Life is Strange Episode 1: Chrysalis Review

Nobody can say I don’t like a good adventure game - point and clicks were a big part of my growing up, after I played a cracked copy of The Secret of Monkey Island on my mate’s dad’s
Amiga. I like to keep abreast of the genre, with Deponia and Randal’s Monday and the like. So an adventure game where you can control time - my chosen superpower, if any of you ever get a magic genie - was definitely something I wanted to play.

Now, full disclosure - I didn’t go into Life is Strange unbiased. I frequent a blog that aggregates game scores and lists them for almost any big release - which this classes as. I didn’t read any reviews, but even scrolling past the post I couldn’t help but catch the high scores it was gathering. This is a good game, but it isn’t yet a great game. I can feel that my thoughts will change as more episodes are released, but Episode 1 on its own has flaws - I’ll get into those, but first an overview.

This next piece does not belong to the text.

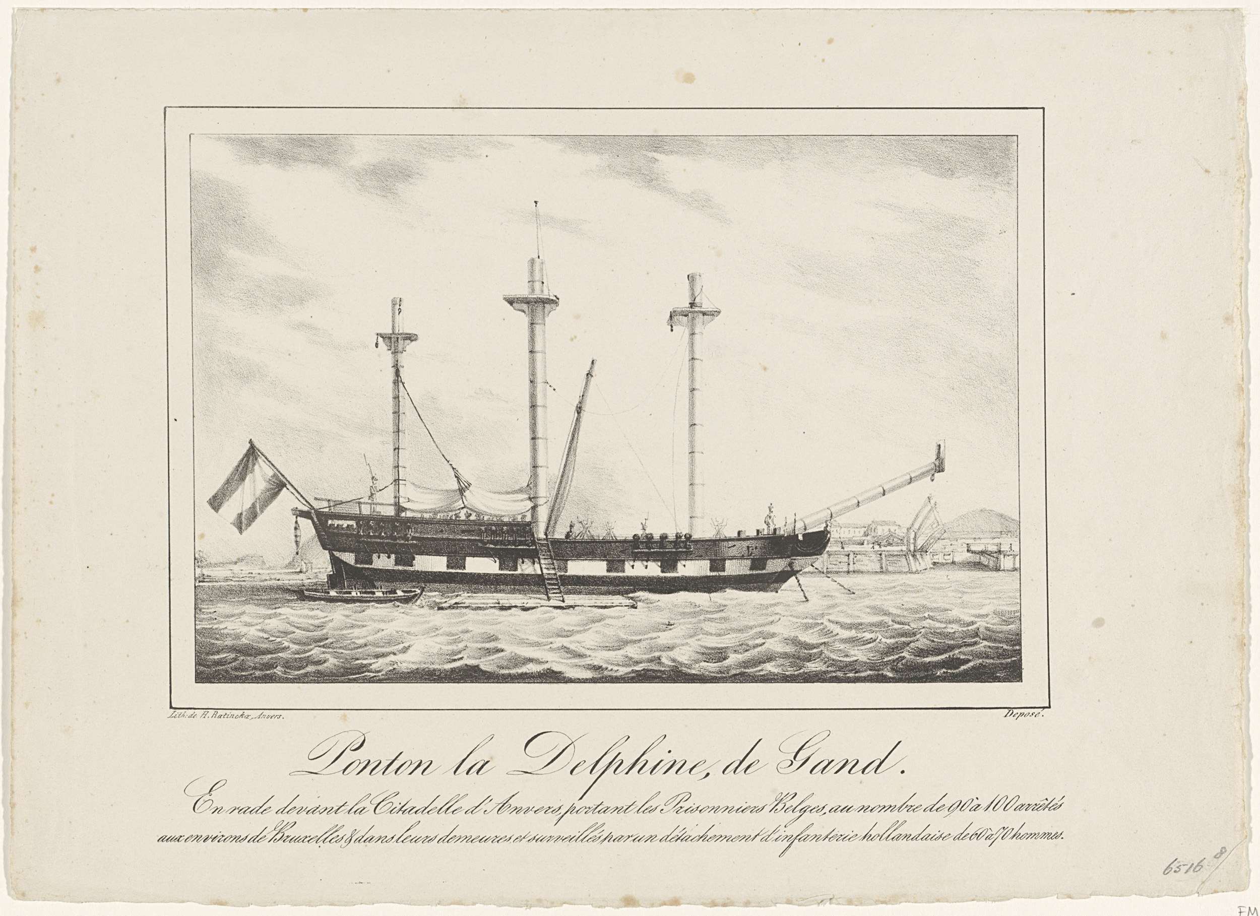 Het schip La Delphine (mogelijk La Dauphine) uit Gent gebruikt als een Nederlands gevangenisschip waarin ca. 99-100 Belgische gevangenen opgesloten waren. Voor anker liggend aan de rede bij de Citadel van Antwerpen, (oktober?) 1830. Met drieregelig onderschrift. Onderdeel van een serie van negentien platen van de gevechten in Antwerpen, 26-27 oktober 1830.

You play as Max, a student at the prestigious Blackwell Academy, a university in some pokey little town in America. Waking from a nightmare - which she apparently suffered without being noticed nodding off in the middle of class - she winds up finding out she can rewind time with her mind, without it affecting her. Being a teenager, she goes ahead and uses her new powers to screw over the resident mean girl.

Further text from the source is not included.